Emirates Global Aluminium says to cut 4 pct of workforce
ABU DHABI, June 11 (Reuters) – Emirates Global Aluminium (EGA) on Thursday said it is cutting its workforce by 4 percent as part of a strategic restructuring to reduce costs and boost operational efficiency.
EGA was created by the merger of two state-owned aluminium companies — Dubai Aluminium (Dubal) and Abu Dhabi’s Emirates Aluminium (Emal) — to create what was at the time the world’s fifth largest aluminium company with an estimated value of $15 billion.

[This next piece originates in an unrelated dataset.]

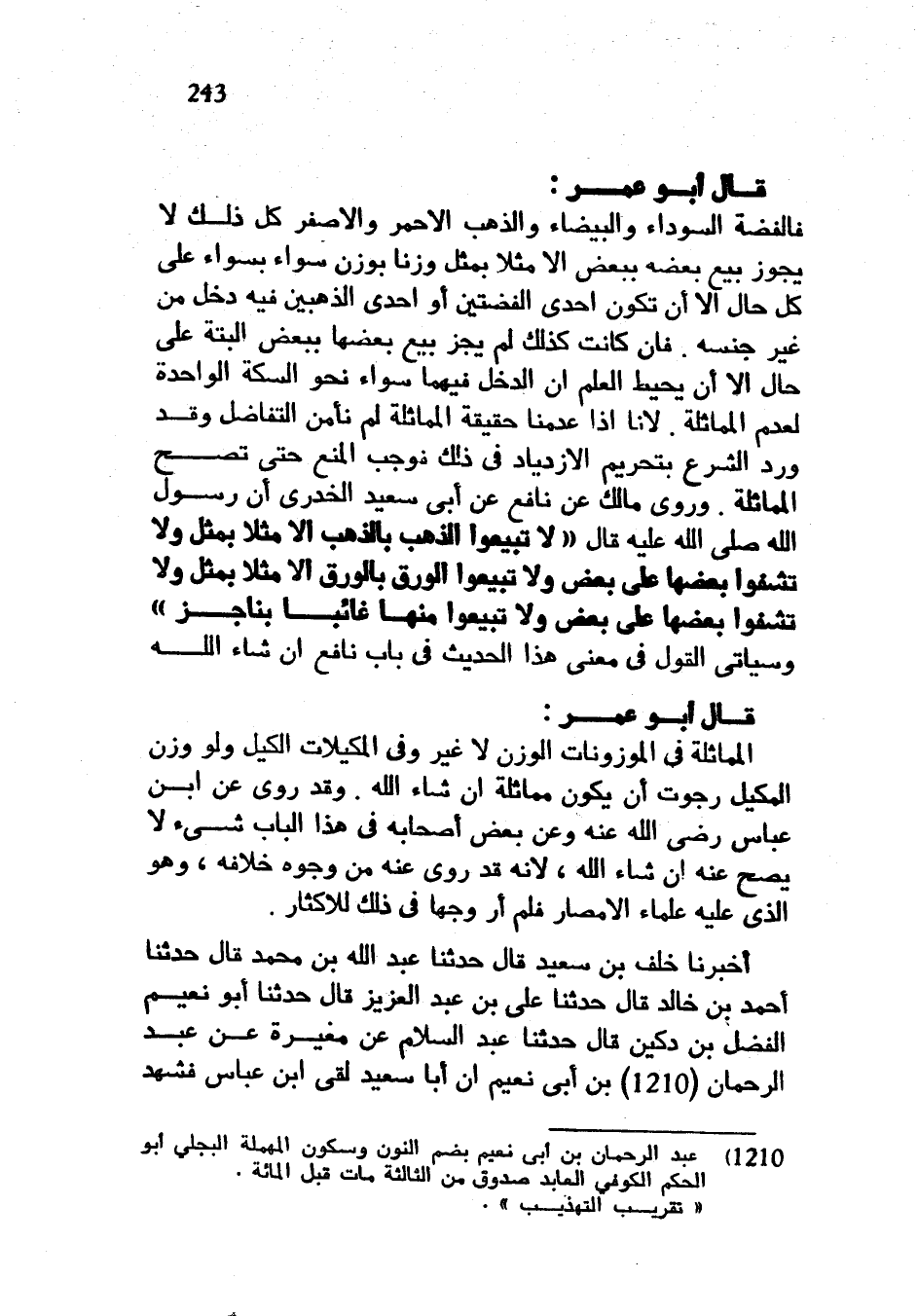 قَالَ أَبُو عُمَرَ فَالْفِضَّةُ السَّوْدَاءُ وَالْبَيْضَاءُ وَالذَّهَبُ الْأَحْمَرُ وَالْأَصْفَرُ كُلُّ ذَلِكَ لَا يَجُوزُ بَيْعُ بَعْضِهِ بِبَعْضٍ إِلَّا مِثْلًا بِمِثْلٍ وَزْنًا بِوَزْنٍ سَوَاءً بِسَوَاءٍ عَلَى كُلِّ حَالٍ إِلَّا أَنْ تَكُونَ إِحْدَى الْفِضَّتَيْنِ أَوْ إِحْدَى الذَّهَبَيْنِ فِيهِ دَخَلٌ مِنْ غَيْرِ جِنْسِهِ فَإِنْ كَانَتْ كَذَلِكَ لَمْ يَجُزْ بَيْعُ بَعْضِهَا بِبَعْضٍ أَلْبَتَّةَ عَلَى حَالٍ إِلَّا أَنْ يُحِيطَ الْعِلْمُ أَنَّ الدَّخْلَ فِيهِمَا سَوَاءٌ نَحْوَ السِّكَّةِ الْوَاحِدَةِ لِعَدَمِ الْمُمَاثَلَةِ لِأَنَّا إِذَا عَدِمْنَا حَقِيقَةَ الْمُمَاثَلَةِ لَمْ نَأْمَنِ التَّفَاضُلَ وَقَدْ وَرَدَ الشَّرْعُ بِتَحْرِيمِ الِازْدِيَادِ فِي ذلك فوجب المنع حتى تصحة الْمُمَاثَلَةُ وَرَوَى مَالِكٌ عَنْ نَافِعٍ عَنْ أَبِي سَعِيدٍ الْخُدْرِيِّ أَنَّ رَسُولَ اللَّهِ صَلَّى اللَّهُ عَلَيْهِ وَسَلَّمَ قَالَ لَا تَبِيعُوا الذَّهَبَ بِالذَّهَبِ إِلَّا مِثْلًا بِمِثْلٍ وَلَا تُشِفُّوا بَعْضَهَا عَلَى بَعْضٍ وَلَا تَبِيعُوا الْوَرِقَ بِالْوَرِقِ إِلَّا مِثْلًا بِمِثْلٍ وَلَا تُشِفُّوا بَعْضَهَا عَلَى بَعْضٍ وَلَا تَبِيعُوا مِنْهَا غَائِبًا بِنَاجِزٍ وَسَيَأْتِي الْقَوْلُ فِي مَعْنَى هَذَا الْحَدِيثِ فِي بَابِ نَافِعٍ إِنْ شَاءَ اللَّهُ قَالَ أَبُو عُمَرَ الْمُمَاثَلَةُ فِي الْمَوْزُونَاتِ الْوَزْنُ لَا غَيْرَ وَفِي الْمَكِيلَاتِ الْكَيْلُ وَلَوْ وُزِنَ الْمَكِيلُ رَجَوْتُ أَنْ يَكُونَ مُمَاثَلَةً إِنْ شَاءَ اللَّهُ وَقَدْ رُوِيَ عَنِ ابْنِ عَبَّاسٍ رَضِيَ اللَّهُ عَنْهُ وَعَنْ بَعْضِ أَصْحَابِهِ فِي هَذَا الْبَابِ شَيْءٌ لَا يَصِحُّ عَنْهُ إِنْ شَاءَ اللَّهُ لِأَنَّهُ قَدْ رُوِيَ عَنْهُ مِنْ وُجُوهٍ خِلَافُهُ وَهُوَ الَّذِي عَلَيْهِ عُلَمَاءُ الْأَمْصَارِ فَلَمْ أَرَ وَجْهًا فِي ذَلِكَ لِلْإِكْثَارِ أَخْبَرَنَا خَلَفُ بْنُ سَعِيدٍ قَالَ حَدَّثَنَا عَبْدُ اللَّهِ بْنُ مُحَمَّدٍ قَالَ حَدَّثَنَا أَحْمَدُ بْنُ خَالِدٍ قَالَ حَدَّثَنَا عَلِيُّ بْنُ عَبْدِ الْعَزِيزِ قَالَ حَدَّثَنَا أَبُو نُعَيْمٍ الْفَضْلُ بْنُ دُكَيْنٍ قَالَ حَدَّثَنَا عَبْدُ السَّلَامِ عَنْ مُغِيرَةَ عَنْ عبد الرحمان بْنِ أَبِي نُعَيْمٍ أَنَّ أَبَا سَعِيدٍ لَقِيَ ابْنَ عَبَّاسٍ فَشَهِدَ

The move, which would see around 250 support positions cut, is aimed at creating a leaner entity and increasing competitiveness as it looks to expand in the UAE and abroad, EGA said in a statement.
EGA is jointly owned by Abu Dhabi’s investment fund Mubadala and the state company which holds Dubai’s most high-profile assets, Investment Corporation of Dubai (ICD).
“This initiative strengthens EGA by fully integrating and streamlining support functions across the company to continue supporting our operational success and positions us for further growth,” Abdulla Kalban, EGA’s managing director & CEO said in the statement.
Last month Kalban said EGA’s exports would fall to 77 percent of its production by 2017 due to a rise in local demand. It currently exports around 88 percent of its output
EGA is building a $3 billion alumina refinery in Abu Dhabi, which is expected to be operational by end-2017 to produce four million tonnes per annum (mtpa) annually over two phases.
EGA produces 2.4 mtpa (combined production of Dubal and Emal). It also owns Guinea Alumina Corporation, a bauxite mine and alumina refinery project in west Africa.